The total surface area of a cone of slant height 1cm and base radius rcm is 224\(\pi\) cm\(^2\). If r : 1 = 2.5, find: (a) correct to one decimal place, the...

Answer Details

Given: Total surface area of a cone = 224π cm², slant height = 1 cm, and r : 1 = 2.5

(a) To find the value of r, we can use the formula for the total surface area of a cone:

Total surface area = πrℓ + πr², where ℓ is the slant height of the cone.

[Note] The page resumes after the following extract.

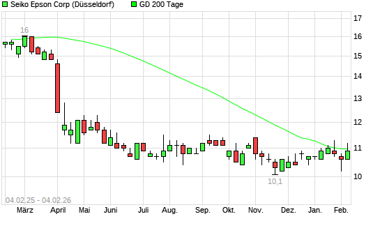 Mit dem Anstieg auf 11,00 EUR hat die Seiko Epson-Aktie am 03.02.2026 die 200-Tage-Linie nach oben gekreuzt.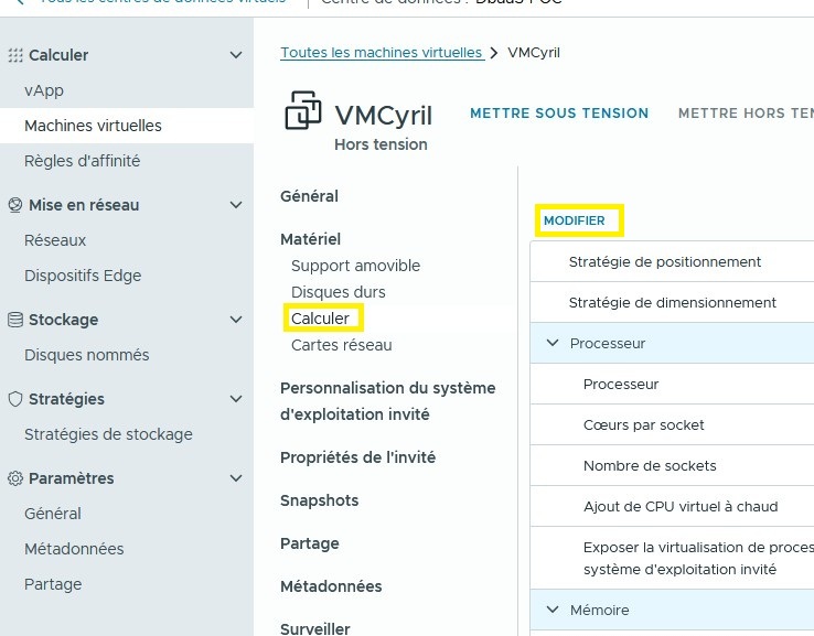 Une fois la machine virtuelle créée, vous pouvez la modifier en tout instant à condition que la celle-ci soit arrêter, l’opération ne peut pas se faire à chaud.

Substituting the given values, we get:

224π = πr√(1 + r²) + πr²

Simplifying and rearranging the terms, we get:

√(1 + r²) = 224/r - r

Squaring both sides, we get:

1 + r² = 50176/r² - 448 + r²

Simplifying and rearranging, we get:

r⁴ - 448r² - 50175 = 0

This is a quadratic equation in terms of r², so we can use the quadratic formula:

r² = (448 ± √(448² + 4(1)(50175)))/2

Simplifying, we get:

r² = 225 or r² = 22400

Since r : 1 = 2.5, we can choose the positive value of r², which is 225. Therefore, r = 15 (correct to one decimal place).

(b) To find the volume of the cone, we can use the formula:

Volume = (1/3)πr²ℓ

Substituting the given values, we get:

Volume = (1/3)(22/7)(15)²(1)

Simplifying, we get:

Volume = 350 cm³ (correct to the nearest whole number)

Therefore, the volume of the cone is approximately 350 cm³.